Exercise instructions:
Please print, exactly, only the lines in the entries below from the line that has "همچنین ممکن است" through the line that has "Diffuseur d’huiles essentielles". Pictures don't go in.

Data shown:
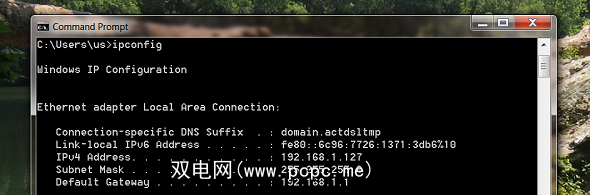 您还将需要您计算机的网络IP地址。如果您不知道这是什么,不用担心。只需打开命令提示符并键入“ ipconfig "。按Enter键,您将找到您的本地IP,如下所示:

* * *

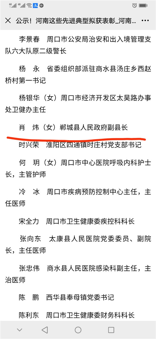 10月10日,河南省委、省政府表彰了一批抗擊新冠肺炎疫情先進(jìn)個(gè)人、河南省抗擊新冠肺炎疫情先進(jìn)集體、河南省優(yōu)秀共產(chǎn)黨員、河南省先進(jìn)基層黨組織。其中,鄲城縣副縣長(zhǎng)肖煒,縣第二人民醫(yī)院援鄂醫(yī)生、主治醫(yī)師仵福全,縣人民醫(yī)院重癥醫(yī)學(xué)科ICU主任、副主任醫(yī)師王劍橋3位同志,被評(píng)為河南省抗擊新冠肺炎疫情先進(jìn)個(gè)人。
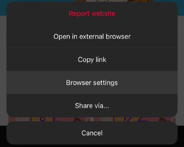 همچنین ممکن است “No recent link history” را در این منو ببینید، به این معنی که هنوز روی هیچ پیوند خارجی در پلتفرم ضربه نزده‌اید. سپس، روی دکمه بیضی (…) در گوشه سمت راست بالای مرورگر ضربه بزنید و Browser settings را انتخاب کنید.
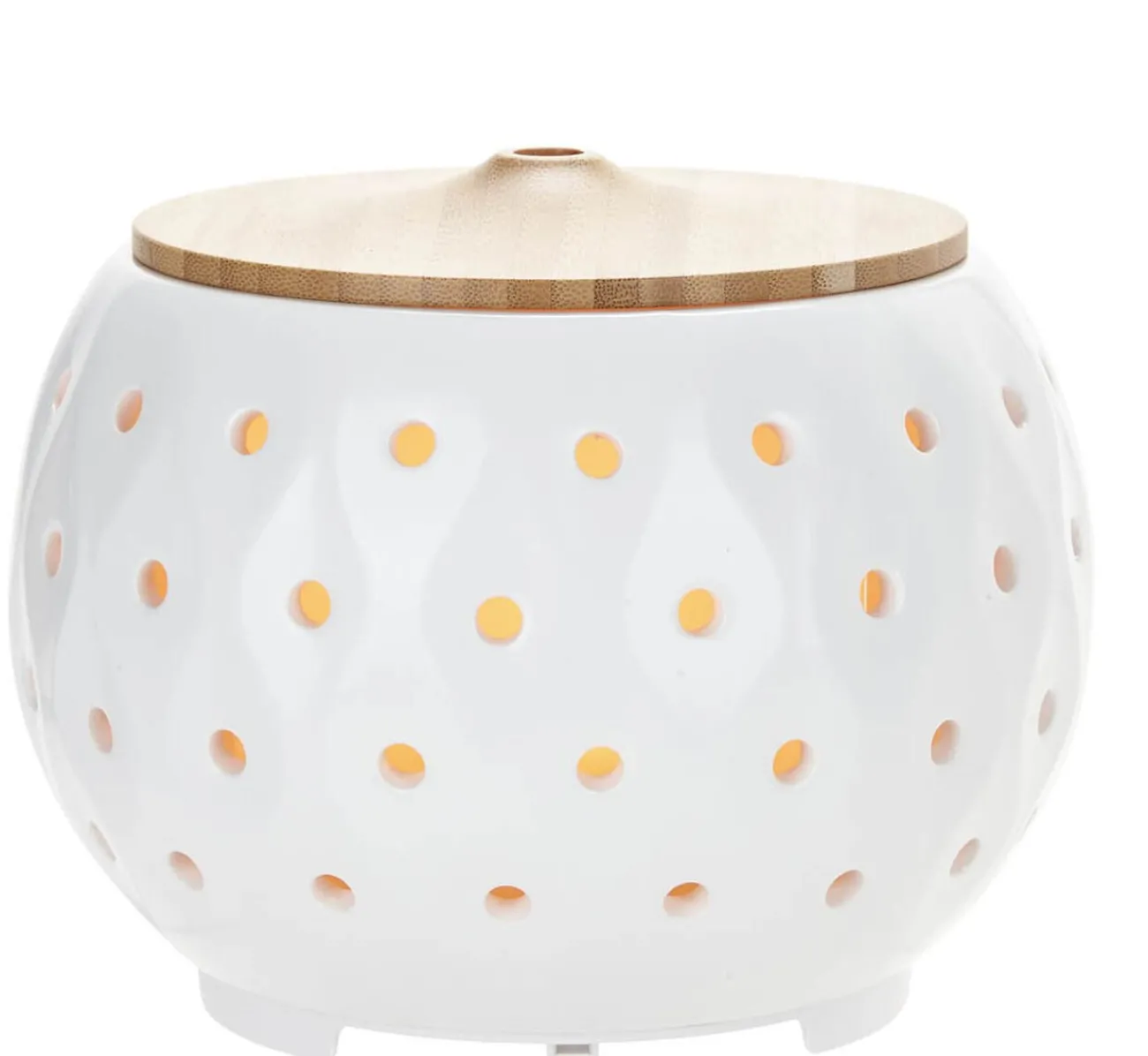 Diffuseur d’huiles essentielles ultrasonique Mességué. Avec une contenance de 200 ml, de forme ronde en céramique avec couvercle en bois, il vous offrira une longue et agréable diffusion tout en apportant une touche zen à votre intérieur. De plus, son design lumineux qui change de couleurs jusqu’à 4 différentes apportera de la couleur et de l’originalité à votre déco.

* * *

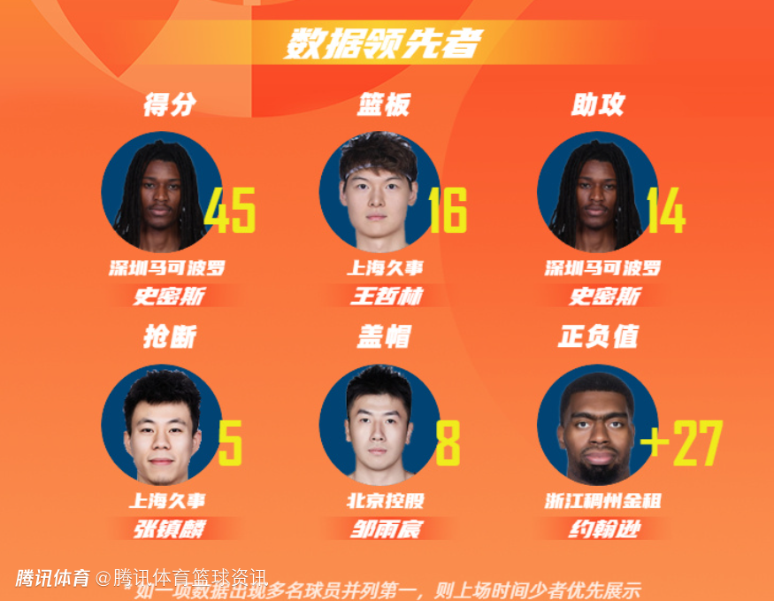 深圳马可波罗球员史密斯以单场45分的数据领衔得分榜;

Solved problem:
 همچنین ممکن است “No recent link history” را در این منو ببینید، به این معنی که هنوز روی هیچ پیوند خارجی در پلتفرم ضربه نزده‌اید. سپس، روی دکمه بیضی (…) در گوشه سمت راست بالای مرورگر ضربه بزنید و Browser settings را انتخاب کنید.
 Diffuseur d’huiles essentielles ultrasonique Mességué. Avec une contenance de 200 ml, de forme ronde en céramique avec couvercle en bois, il vous offrira une longue et agréable diffusion tout en apportant une touche zen à votre intérieur. De plus, son design lumineux qui change de couleurs jusqu’à 4 différentes apportera de la couleur et de l’originalité à votre déco.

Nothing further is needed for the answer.